En casi cualquier trayecto en una urbe de tamaño medio a grande, en cualquier carretera de importancia principal o media, en cualquier camino vecinal entre dos ciudades de tamaño medio a grande, todos los días –a menos que sea durante un toque de queda o cosa parecida—cientos de miles de personas pierden más tiempo del necesario desplazándose de un punto a otro. De esa manera, una porción enorme de la población de este país pierde, innecesariamente, todos los días uno de los recursos más valiosos: el tiempo.
Es verdad que durante las últimas dos décadas el parque vehicular de Guatemala ha aumentado en una medida mucho mayor que durante cualquier otro período similar desde que viniera el primer automóvil al país. Es verdad que, probablemente, aunque hubiese habido planes viales razonables y los recursos financieros disponibles, de todas maneras, habría sido imposible desarrollar infraestructuras viales al mismo ritmo que crecía la cantidad de automóviles, camiones y motocicletas. Quizás el desbordamiento de las vías de comunicación se hubiera dado, incluso, si el transporte público, se hubiese organizado de manera más racional.
Todo eso, no obstante, la ausencia de un Estado de derecho razonablemente funcional es la causa principal para que millones de guatemaltecos pierdan, todos los días, innecesariamente, una parte importante de sus vidas en algún atasco vial.
El tránsito está regulado por varios regímenes legales. Hay normas para conducir con seguridad, como también en cuanto a las sanciones administrativas o penales para los infractores; y hay abundantes disposiciones que procuran maximizar la velocidad en las vías de comunicación, sin sacrificio irrazonable de la seguridad en el tráfico.

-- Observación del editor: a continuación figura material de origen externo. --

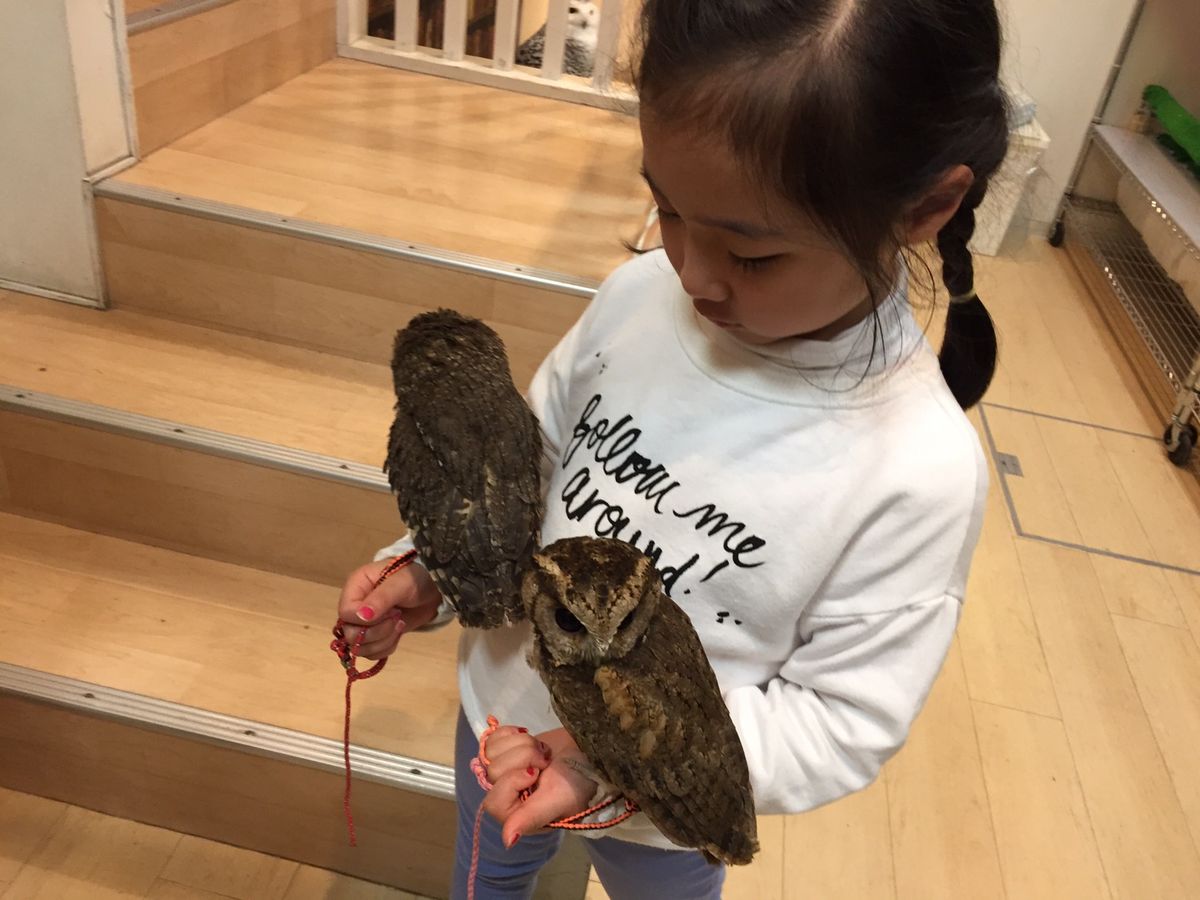Visit one of Japan's famous owl cafes while in Fukuoka! Located near Hakata Station, you can take pictures with cute owls while they perch on your shoulder or head. Experience a real animal cafe!

Sin embargo, reconociendo que la EMETRA ha mejorado en este aspecto, casi no importa por donde uno transite, las reglas del tránsito se ignoran. Y se ignoran por una razón muy sencilla, a saber: un conductor medio que va por las calles, carreteras y caminos de Guatemala sabe que, muy probablemente, puede infringir las reglas del tránsito sin sufrir ninguna consecuencia. Entonces, un conductor medio, conduce de acuerdo con sus propias reglas, hechas a su personal y absoluta conveniencia.
Si, por ejemplo, un conductor medio piensa que, aunque conduzca lentamente, le conviene más ir por el carril para rebasar, aunque afecte a otros cientos de conductores que deban reducir la velocidad por su culpa, pues no le importa. Lo más probable es que nadie vaya a multarlo. Si un conductor medio decide detener la marcha para comprarse una piña a la vera de una carretera, forzando a los demás a reducir la velocidad para no colisionar con él, tampoco le importa. Lo más probable es que nadie vaya a multarlo. Si un conductor de un transporte colectivo es avisado por su ayudante de una persona que quiere subir al autobús, pues detiene la marcha abruptamente para que esa persona suba, sin importarle detener el tráfico por culpa de esa maniobra. Lo más probable es que nadie le ponga una multa. Los ejemplos abundan.
De ese modo, ir de un punto a otro en una red vial (ya de por sí insuficiente y pobremente mantenida), toma mucho más tiempo de lo necesario, y eso debido a que los órganos de aplicación de la ley brillan por su ausencia. Peor aún, muchas veces actúan, pero para extraer mordidas de algún automovilista que, ese día, le tocó el turno. El coste para todos de que la ley sea por regla general inaplicada con razonabilidad, es enorme.
Eduardo Mayora Alvarado
Guatemala 2 de septiembre de 2020.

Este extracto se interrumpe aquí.